On the ashes of innocence

Visit of the sets of La Cenerentola seen by Guillaume Gallienne

By Anne-Claire Cieutat and Jo Fishley 06 July 2017

© Isabelle Debreuille

On the ashes of innocence
Guillaume Gallienne directs Rossini's Cenerentola, exalting goodness, and opens the doors of the set. Visit in images and sounds. 

A big house of fire rises. It is dressed in a Pompeian fresco red, a beautiful rosso pompeiano shaded by browns and ochres that could well be the shades of the yellow of Naples from the lava of Vesuvius. Eric Ruf's set - the administrator of the Comédie Française has become a scenographer - erects this majestic house, a Neapolitan palace with a flamboyant mineral façade on a rugged bed of black lava and ashes.

La Cenerentola belongs to a consumed world, this volcanic Cinderella of Guillaume Gallienne celebrates the end of innocence, in a universe that has collapsed. This lost innocence is at the wedding with goodness. Cinderella is a young girl who loves and forgives, virtues that are missing in our time and that the director from the French department exalts.

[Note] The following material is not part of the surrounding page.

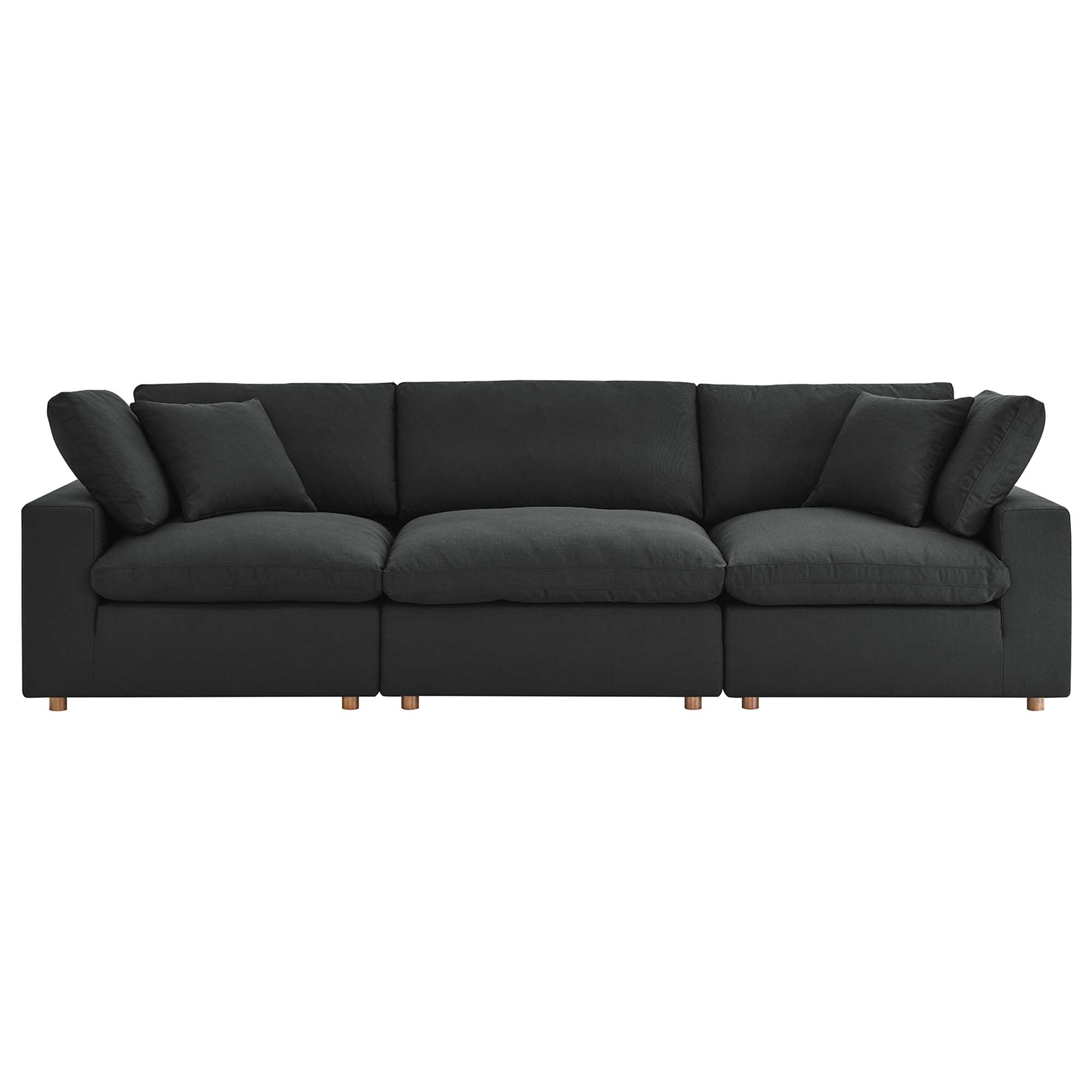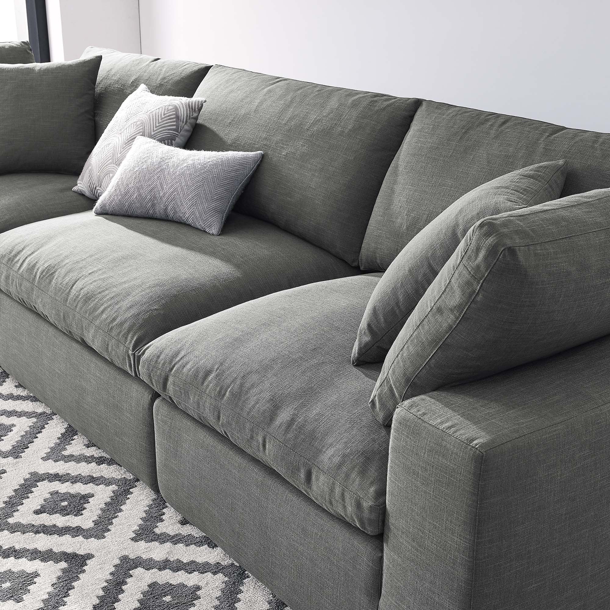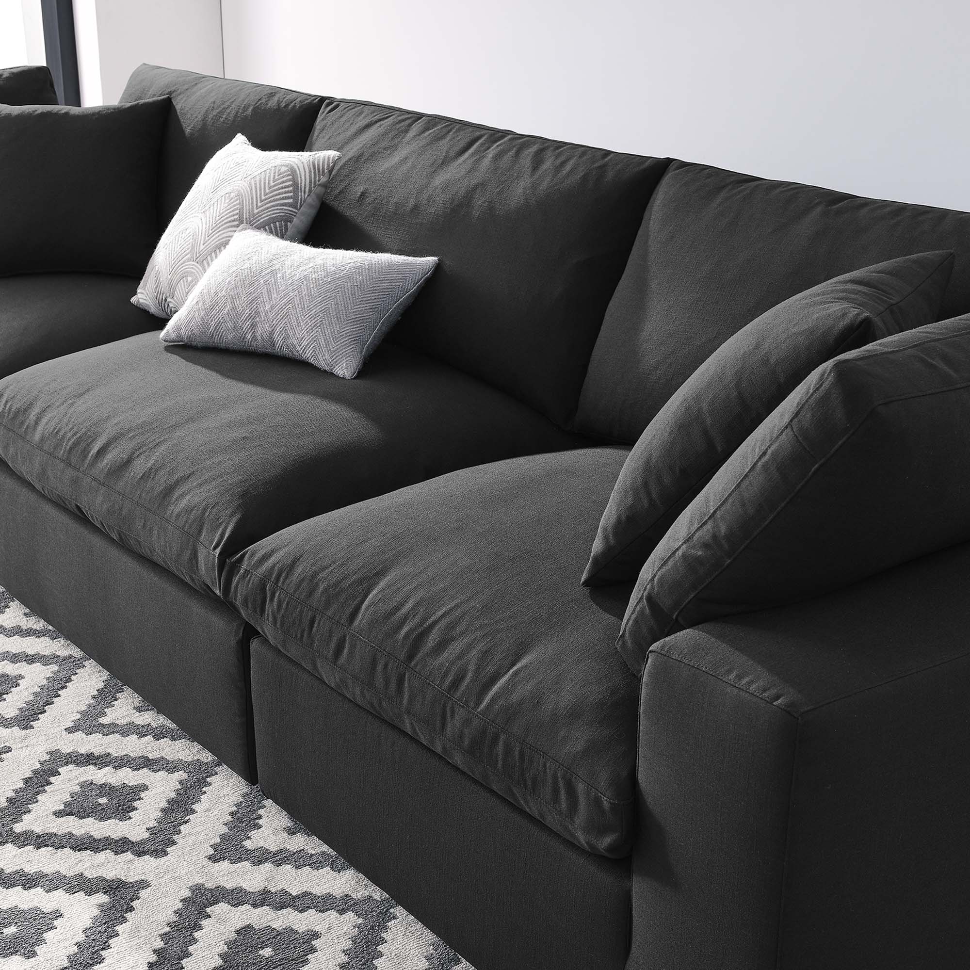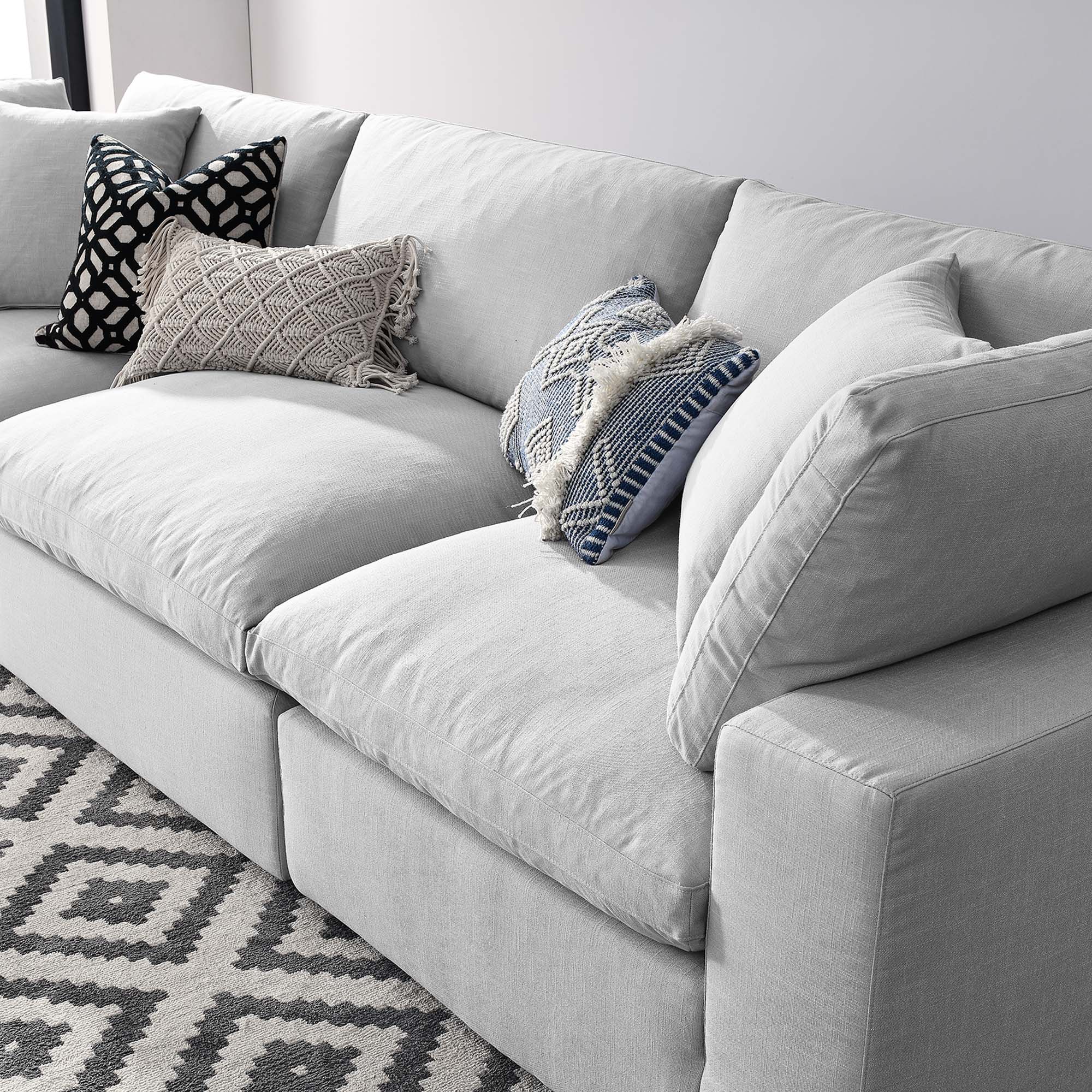 A haven for cozy relaxation, Commix features plush comfort, clean-lined design, and spacious profile, that makes an attractive statement in the modern home. Upholstered in polyester fabric that grants a luxe linen texture, this contemporary sofa comes with solid wood construction and cotton and down cushions for a luxurious sink-in feel. Commix comes with generously padded down feather and cotton cushions, and padded foam bases, making this sectional sofa collection perfect for the living room, family room, or game room. Made for sprawling out or curling up, Commix beckons you and guests to sit and stay a while. Includes plastic foot glides. Each Seat Weight Capacity: 331 lbs.

This Cinderella of Italy, this Angelina of Rossini, hangs on our days its ideal benevolence. Light as the airy harp that plays her music, she has escaped in Guillaume Gallienne's Italian comedy, with its despicable and touching monsters, its boasts between frivolity and gravity, its joyful and cheerful creatures.

Here is a ball with a joyful story, a love story full of fantasy, which makes you want to believe in fairy tales and fairies. So much the worse if there is no good fairy, no slipper, no pumpkin, but a philosopher and a bracelet, we still find the evil sisters, the very young naive girl who goes from abused childhood to triumphant happiness, the decomposed family with its neuroses. It is no longer a tale, but its essential moral vibrates, goodness prevails over cruelty.